Singapore was the home of the 2010 International Skyrise Greenery Conference, designed to “present the latest technological developments and new areas of application in the field of rooftop greenery and vertical greenery.” In short, some intelligent types discussing how to turn the world’s roofs into verdant land.

As roofing companies around the world scramble to figure out the finer points of sod, many buildings in Singapore are ahead of the curve. Take Nanyang Technological University, for example. The Singapore school features a wide swath of green stretching over the roof of its School of Art, Design, and Media, making the building look more like an eco-friendly Möbius strip than a five-story building.

Or consider the green roof at Marina Barrage, which is about the size of four football fields and doubles as a recreational park. For just S$900 a day, you could even rent a portion of this green haven for your wedding reception.

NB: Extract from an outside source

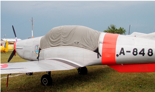
Piaggio P-149D Trainer Canopy Cover

of the Canopy Cover and Engine Cover. This cover will enclose the engine cowl and will extend aft to cover all of the windows. This cover type is made from Silver Acrylic Sunbrella canvas and is 100% lined with a soft and smooth microfiber. Bruce's Custom Covers developed this material combination especially for aircraft protection. The outer material is medium weight and treated for water resistance, UV resistance and anti-static buildup. The inner lining is a very soft and smooth microfiber to prevent scratching. The material is very reflective, and tests show that the cabin interior temperature can be reduced to near-ambient temperature on the hottest of days. It is water, ice and snow repellent, yet breathable to allow moisture to escape from between the cover and the aircraft surface.

Green roofs are a gorgeous way to cool down buildings, save on energy costs, reduce drainage issues, and give people a place to spend their lunch breaks. I have a vision of taking my lunch up to the highest point of the design school roof and going on an impromptu nature walk as I eat my sandwich. The idea of fusing the practical, a stable roof, with the pleasing, is something more roofing companies should consider in all their projects.

What’s next for green roofing? I’d love to see this trend spread to residential homes in hospitable climates around the world. Beyond the utility bill savings and eco-friendly charm, just imagine how funny it would be to take a walk and see each home bathed in leafy greens.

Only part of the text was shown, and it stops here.